(Recorded data)
▶
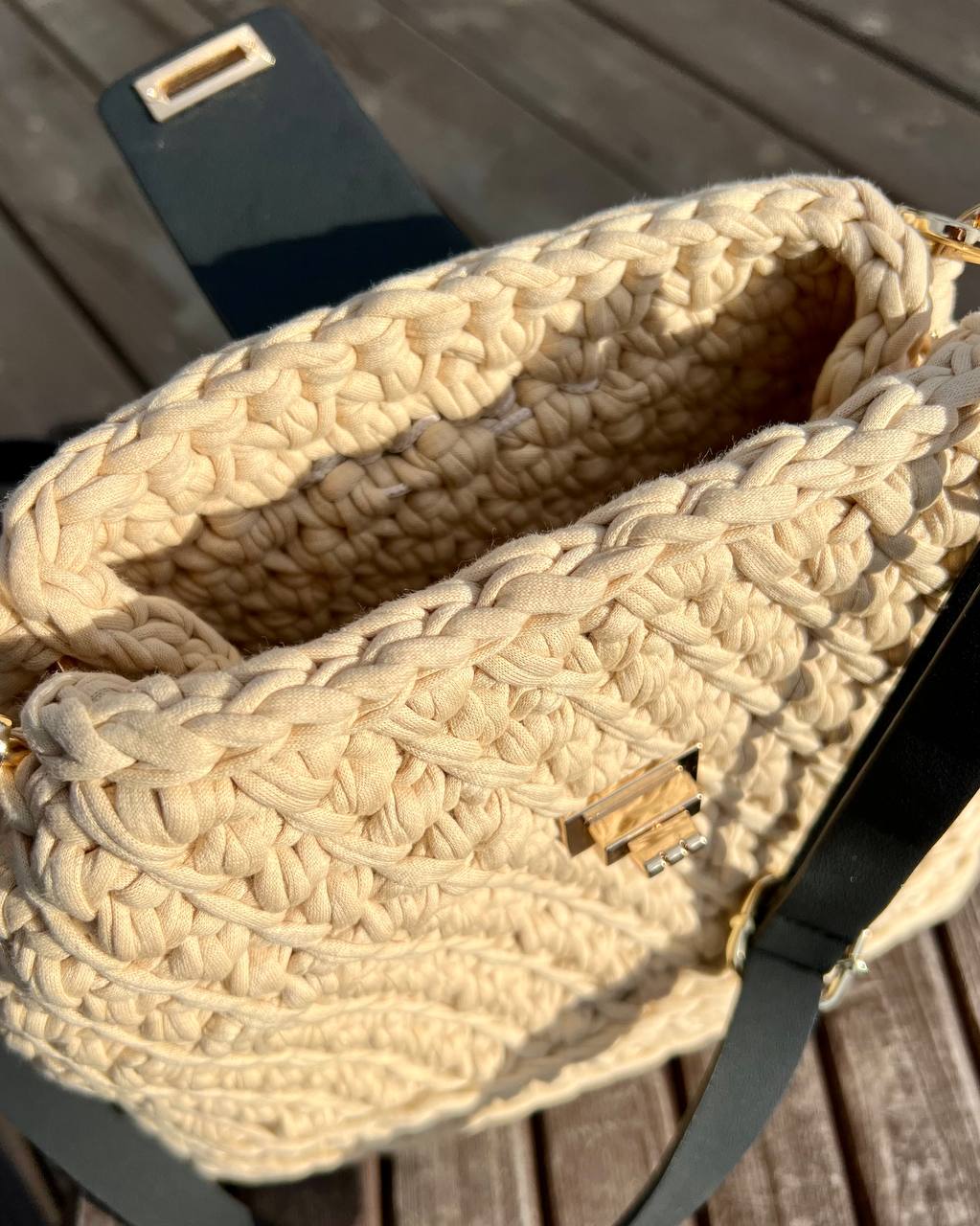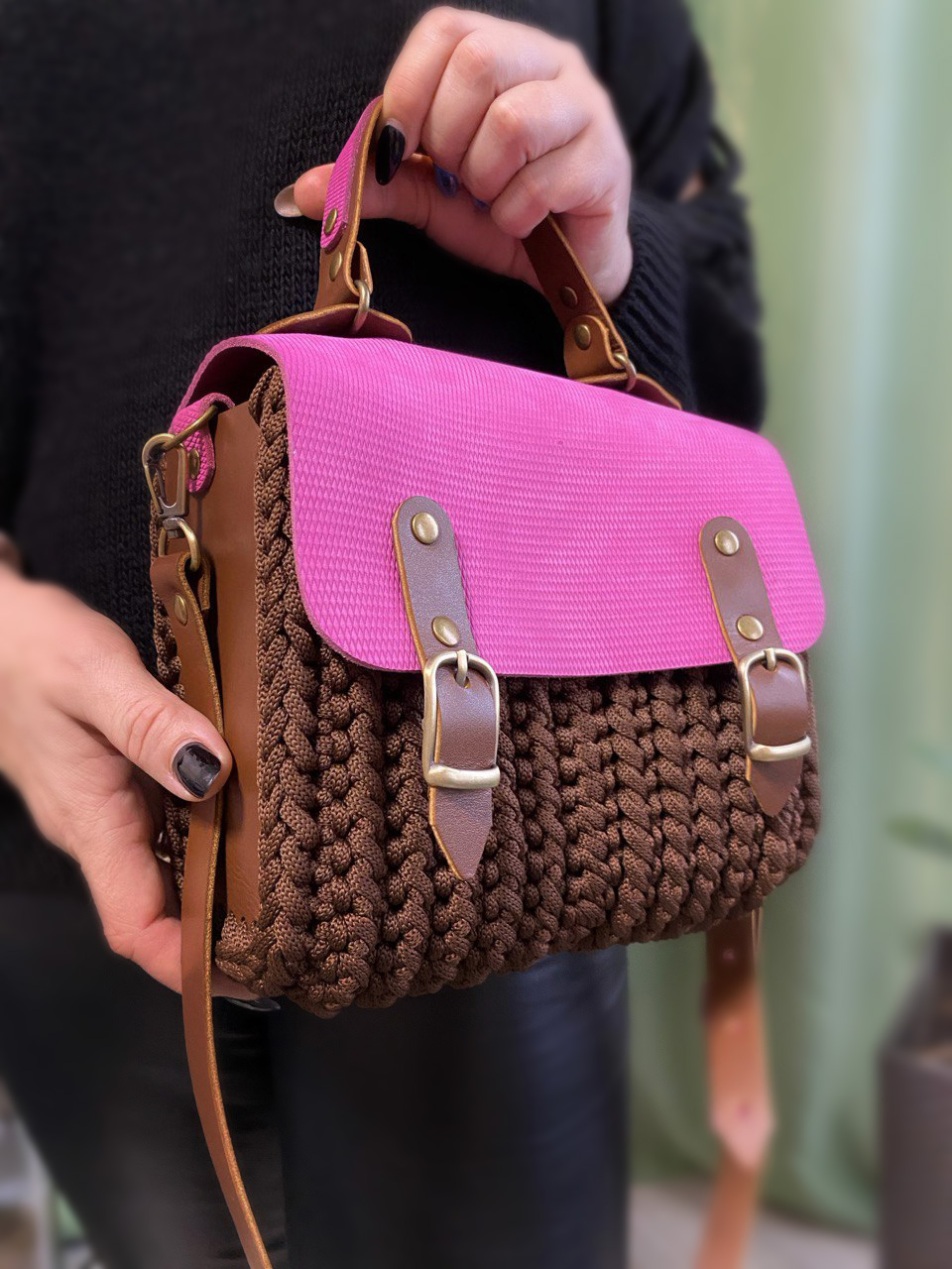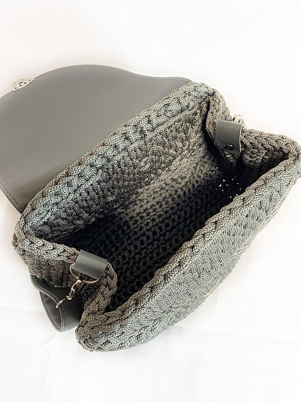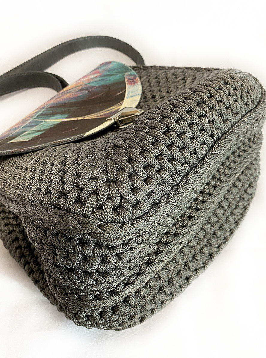 Выполнена из полиэфирного шнура толщиной 5 мм. длинна - 21см, ширина - 12см, высота - 19см Кожаная фурнитура: клапан, боковины и ремешок. Закрывается на магнитные кнопки.
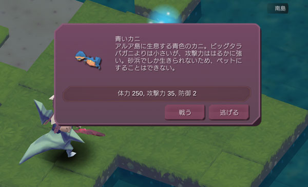 青いカニと遭遇をする。初めて戦った時は負けたんだよなあ。今なら1撃で倒せるくらいパイベリーも成長をしただろう。
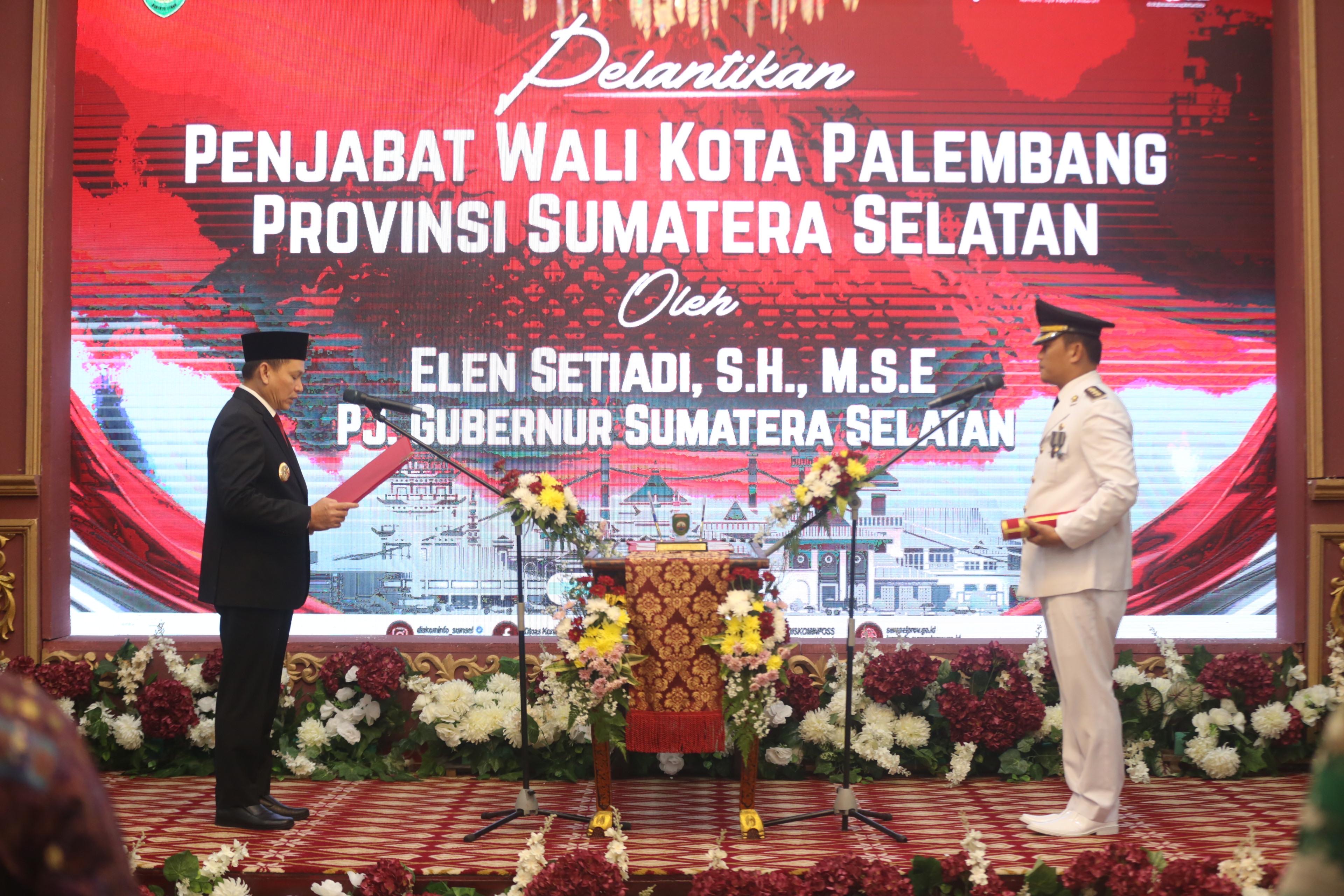 Palembang. Penjabat (Pj) Gubernur Sumatera Selatan (Sumsel) Elen Setiadi, S.H., M.S.E melantik Dr. Cheka Virgowansyah, S. STP M.E sebagai Pj Walikota Palembang menggantikan Dr. A. Damenta, Pelantikan ini bertempat Griya Agung Palembang, Jumat (29/11/2024).
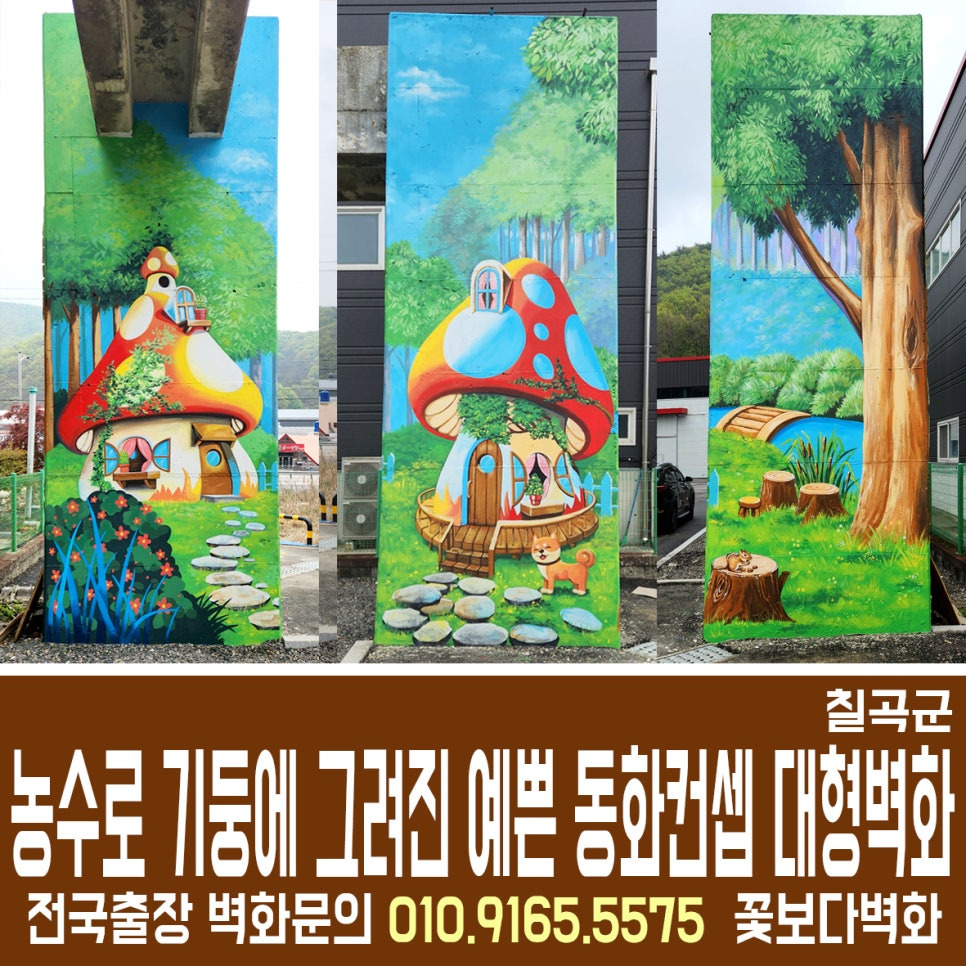 칠곡군 농수로 기둥에 그려진 동화컨셉의 예쁜 벽화, 마을벽화, 환경개선, 공장벽화
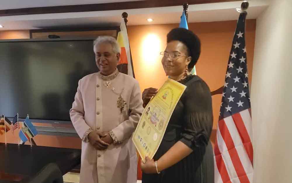 His Eminence Dr. Madhu Krishan, the Eminent Scientist, Global Leader of Global Peace, presented the 2025 Award to Namuganza today at Serena Hotel in Kampala.
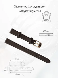 Ремешок для часов STR012SBRG коричневый, гладкий, 12 мм
◀
*WORK ITEM*: Images are to be left out when the records above are written out again exactly.

*TASK RESULT*:
 Выполнена из полиэфирного шнура толщиной 5 мм. длинна - 21см, ширина - 12см, высота - 19см Кожаная фурнитура: клапан, боковины и ремешок. Закрывается на магнитные кнопки.
 青いカニと遭遇をする。初めて戦った時は負けたんだよなあ。今なら1撃で倒せるくらいパイベリーも成長をしただろう。
 Palembang. Penjabat (Pj) Gubernur Sumatera Selatan (Sumsel) Elen Setiadi, S.H., M.S.E melantik Dr. Cheka Virgowansyah, S. STP M.E sebagai Pj Walikota Palembang menggantikan Dr. A. Damenta, Pelantikan ini bertempat Griya Agung Palembang, Jumat (29/11/2024).
 칠곡군 농수로 기둥에 그려진 동화컨셉의 예쁜 벽화, 마을벽화, 환경개선, 공장벽화
 His Eminence Dr. Madhu Krishan, the Eminent Scientist, Global Leader of Global Peace, presented the 2025 Award to Namuganza today at Serena Hotel in Kampala.
 Ремешок для часов STR012SBRG коричневый, гладкий, 12 мм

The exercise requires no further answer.